### [PROBLEM TO SOLVE]
Pictures in the material below are to be left out, and only the lines from the line with "常见的c51和stm32程序" up to and including the line with "党委在艺媒楼1104会议室召" are to be written out exactly.

### [STORED DATA]
━━━━━━━━━━━━━━━━
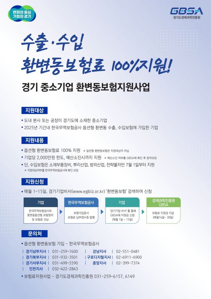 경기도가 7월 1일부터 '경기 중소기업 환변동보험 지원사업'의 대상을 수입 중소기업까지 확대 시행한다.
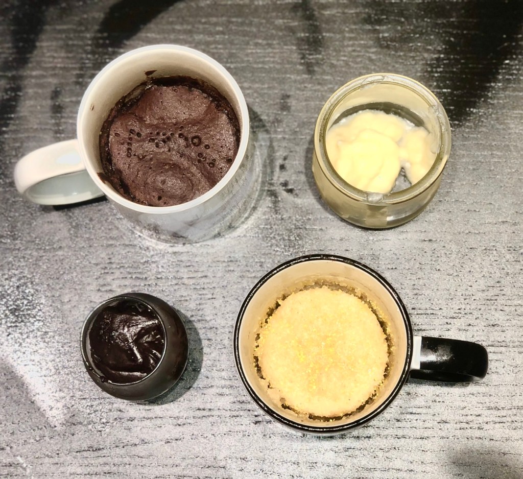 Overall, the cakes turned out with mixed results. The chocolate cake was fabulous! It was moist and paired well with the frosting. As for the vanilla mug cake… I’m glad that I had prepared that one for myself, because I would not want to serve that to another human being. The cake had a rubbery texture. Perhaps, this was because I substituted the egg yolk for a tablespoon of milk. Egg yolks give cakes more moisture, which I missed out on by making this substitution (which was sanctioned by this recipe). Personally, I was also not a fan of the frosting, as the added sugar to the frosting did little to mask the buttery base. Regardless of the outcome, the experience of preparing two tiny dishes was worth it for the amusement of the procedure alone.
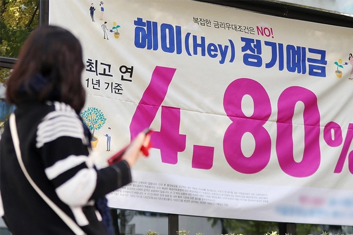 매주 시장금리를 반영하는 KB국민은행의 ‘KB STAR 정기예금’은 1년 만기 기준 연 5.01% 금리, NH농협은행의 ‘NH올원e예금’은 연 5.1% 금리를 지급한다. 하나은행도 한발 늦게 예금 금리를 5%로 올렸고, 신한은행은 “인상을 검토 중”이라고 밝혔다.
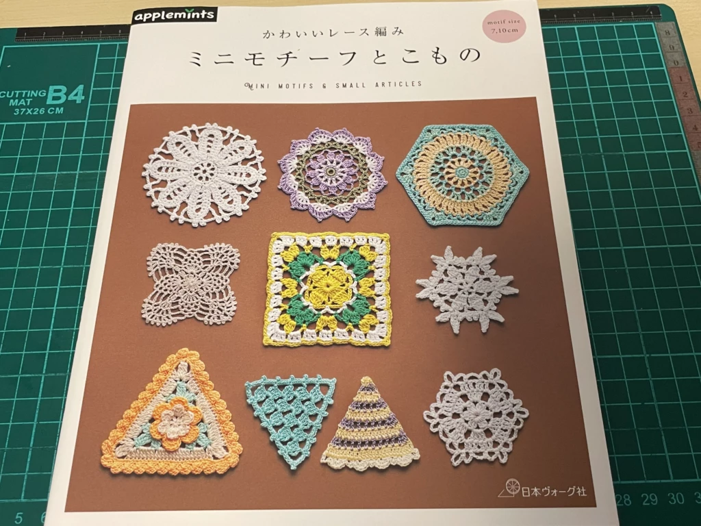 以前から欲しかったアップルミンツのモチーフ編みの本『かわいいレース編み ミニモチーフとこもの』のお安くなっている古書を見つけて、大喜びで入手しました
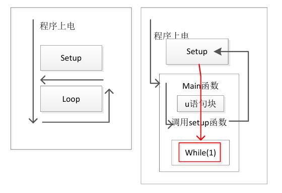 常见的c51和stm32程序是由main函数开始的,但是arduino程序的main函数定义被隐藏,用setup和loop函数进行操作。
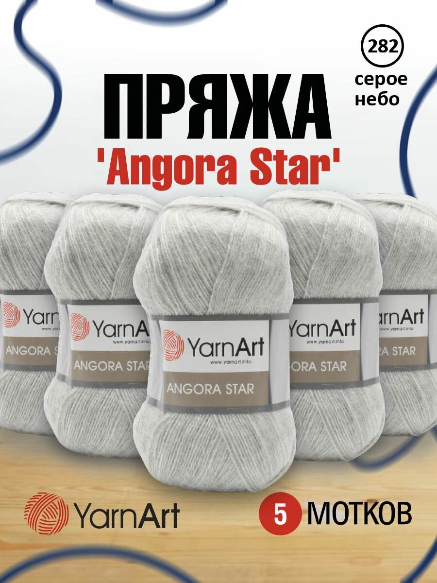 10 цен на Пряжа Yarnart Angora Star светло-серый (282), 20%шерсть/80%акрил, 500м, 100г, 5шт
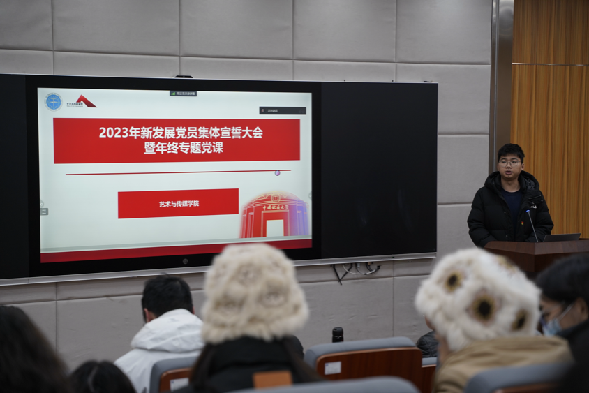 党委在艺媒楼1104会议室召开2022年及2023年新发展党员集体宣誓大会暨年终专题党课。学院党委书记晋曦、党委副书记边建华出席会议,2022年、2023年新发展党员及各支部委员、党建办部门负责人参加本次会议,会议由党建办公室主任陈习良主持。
━━━━━━━━━━━━━━━━
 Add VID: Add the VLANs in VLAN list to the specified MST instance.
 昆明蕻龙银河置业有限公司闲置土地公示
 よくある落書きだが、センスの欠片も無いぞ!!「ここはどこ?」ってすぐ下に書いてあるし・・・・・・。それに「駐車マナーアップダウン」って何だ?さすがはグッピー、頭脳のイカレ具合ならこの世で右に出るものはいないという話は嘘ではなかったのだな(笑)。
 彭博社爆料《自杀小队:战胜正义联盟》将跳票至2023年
━━━━━━━━━━━━━━━━
### [RESPONSE TO THE TASK]
 常见的c51和stm32程序是由main函数开始的,但是arduino程序的main函数定义被隐藏,用setup和loop函数进行操作。
 10 цен на Пряжа Yarnart Angora Star светло-серый (282), 20%шерсть/80%акрил, 500м, 100г, 5шт
 党委在艺媒楼1104会议室召开2022年及2023年新发展党员集体宣誓大会暨年终专题党课。学院党委书记晋曦、党委副书记边建华出席会议,2022年、2023年新发展党员及各支部委员、党建办部门负责人参加本次会议,会议由党建办公室主任陈习良主持。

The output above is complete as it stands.